### WHAT TO DO
Produce an exact transcription of the listing below, omitting the pictures.

### DATA BLOCK
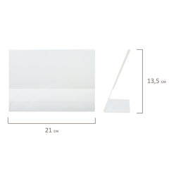 Тип товара: подставка, Формат листовки: А5, Расположение: горизонтальное, Функциональность: односторонний, Количество отделений: 1, Размещение: настольное, Серия: Standard, Прозрачная: да, Материал: оргстекло, Высота вставляемого листа: 150 мм, Ширина вставляемого листа: 210 мм, Высота: 152 мм, Ширина: 212 мм, Глубина: 60 мм, Упаковка: гофрокороб.
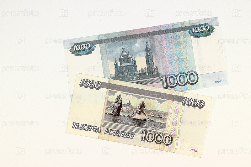 Купюры достоинством 1000 рублей разных годов выпуска
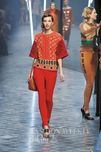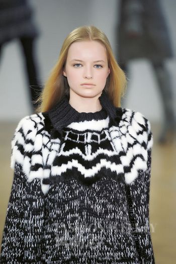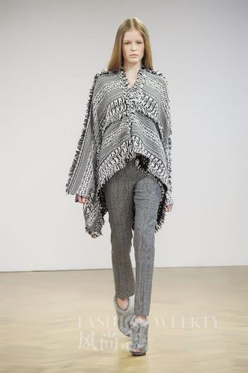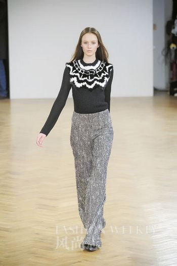 雪花紋樣的時髦說法是“雪柄”,有心人考證這說法來自東瀛,途徑香港,最終來到內地。像手工制品被稱作“手作”一樣,四字變兩字不只是簡潔,中間更蘊含了清新活潑的意味。一個柄字,容易讓人想到滑雪者的手杖。蹬滑雪板持手杖的小人形象,確實經(jīng)常與雪花紋樣結伴出現(xiàn)。2010年D&G推出的秋冬系列即是以雪花為靈感的針織滑雪裝,這些帶雪花紋樣的緊身衣與雪紡長裙還有滑雪靴的組合,堪稱經(jīng)典。今年Aubin?&?Wills在圣誕期間推出的毛線開衫、手套和帽子,皆有滑雪小人與雪花的組合。Jil Sander則更抽象一些,模特大多穿帶有風帽的滑雪裝,顏色鮮艷,還有六角紋出現(xiàn)在大紅毛衫上,好像經(jīng)過畢加索思考后的雪花
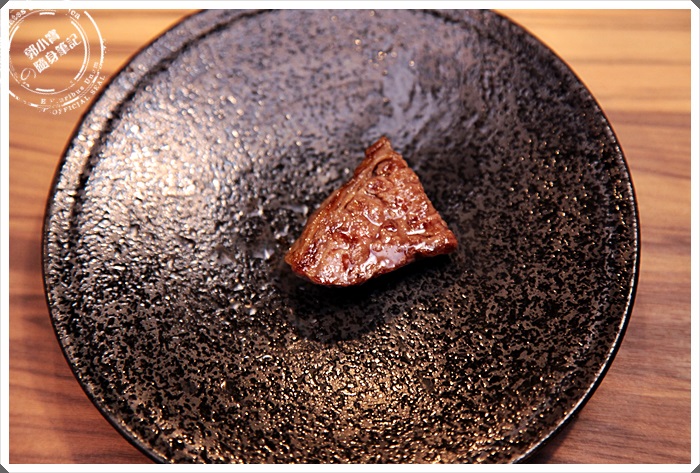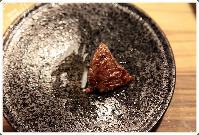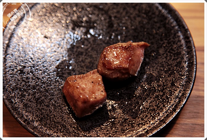 | 肋眼在廚房內日本師傅就已經分切好了,角切的一塊入口可以吃到那外皮的微焦香氣跟脆口,裡面的肉汁當場就噴發出來,外脆內嫩的口感讓我超喜歡的。 |

### TASK SOLUTION
 Тип товара: подставка, Формат листовки: А5, Расположение: горизонтальное, Функциональность: односторонний, Количество отделений: 1, Размещение: настольное, Серия: Standard, Прозрачная: да, Материал: оргстекло, Высота вставляемого листа: 150 мм, Ширина вставляемого листа: 210 мм, Высота: 152 мм, Ширина: 212 мм, Глубина: 60 мм, Упаковка: гофрокороб.
 Купюры достоинством 1000 рублей разных годов выпуска
 雪花紋樣的時髦說法是“雪柄”,有心人考證這說法來自東瀛,途徑香港,最終來到內地。像手工制品被稱作“手作”一樣,四字變兩字不只是簡潔,中間更蘊含了清新活潑的意味。一個柄字,容易讓人想到滑雪者的手杖。蹬滑雪板持手杖的小人形象,確實經(jīng)常與雪花紋樣結伴出現(xiàn)。2010年D&G推出的秋冬系列即是以雪花為靈感的針織滑雪裝,這些帶雪花紋樣的緊身衣與雪紡長裙還有滑雪靴的組合,堪稱經(jīng)典。今年Aubin?&?Wills在圣誕期間推出的毛線開衫、手套和帽子,皆有滑雪小人與雪花的組合。Jil Sander則更抽象一些,模特大多穿帶有風帽的滑雪裝,顏色鮮艷,還有六角紋出現(xiàn)在大紅毛衫上,好像經(jīng)過畢加索思考后的雪花
 | 肋眼在廚房內日本師傅就已經分切好了,角切的一塊入口可以吃到那外皮的微焦香氣跟脆口,裡面的肉汁當場就噴發出來,外脆內嫩的口感讓我超喜歡的。 |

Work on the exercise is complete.